▶ [EXERCISE OBJECTIVE]: Your task is to copy the listing exactly. Drop any pictures from the copy.

▶ [SUPPLIED MATERIAL]:
......

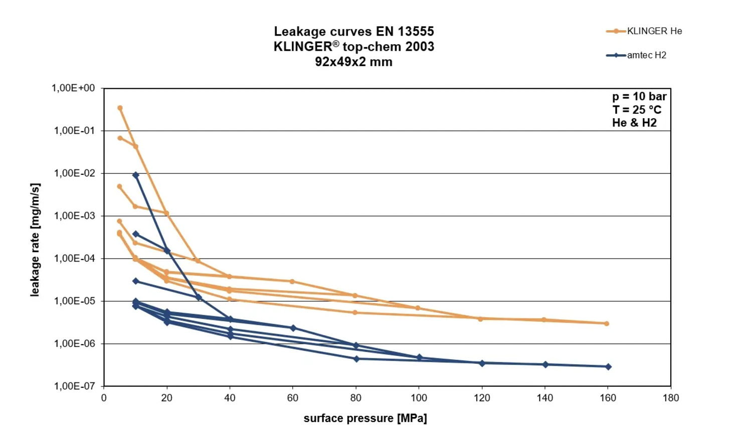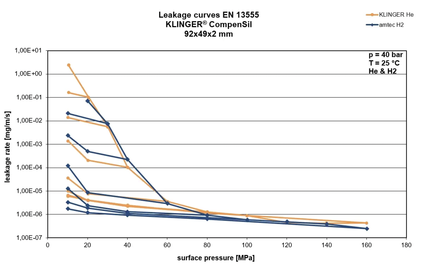 För att ge kunderna extra trygghet vid flänsanslutningar för väteapplikationer har KLINGER Dichtungstechnik utfört ett stort antal EN 13555-tester med helium vid de lägsta nödvändiga komprimeringsvärdena. Dessutom har väteprovningar genomförts externt i samarbete med en ackrediterad partner.
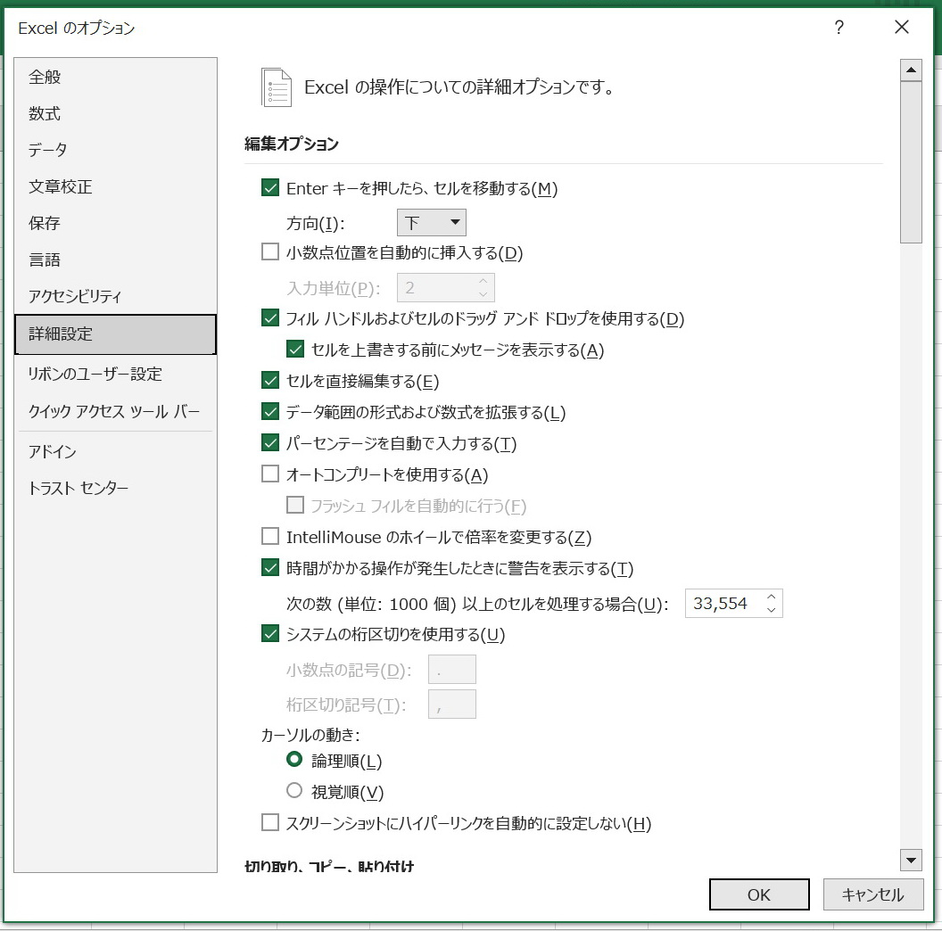 (セルに文字を入力している途中に、前の行などに入力した内容が入力候補として表示されるないようにする)
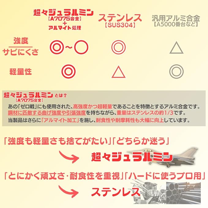 材質 超々ジュラルミン(A7075):軽量かつ高強度。航空機部品にも使用されます。

......

▶ [SOLUTION]:
 För att ge kunderna extra trygghet vid flänsanslutningar för väteapplikationer har KLINGER Dichtungstechnik utfört ett stort antal EN 13555-tester med helium vid de lägsta nödvändiga komprimeringsvärdena. Dessutom har väteprovningar genomförts externt i samarbete med en ackrediterad partner.
 (セルに文字を入力している途中に、前の行などに入力した内容が入力候補として表示されるないようにする)
 材質 超々ジュラルミン(A7075):軽量かつ高強度。航空機部品にも使用されます。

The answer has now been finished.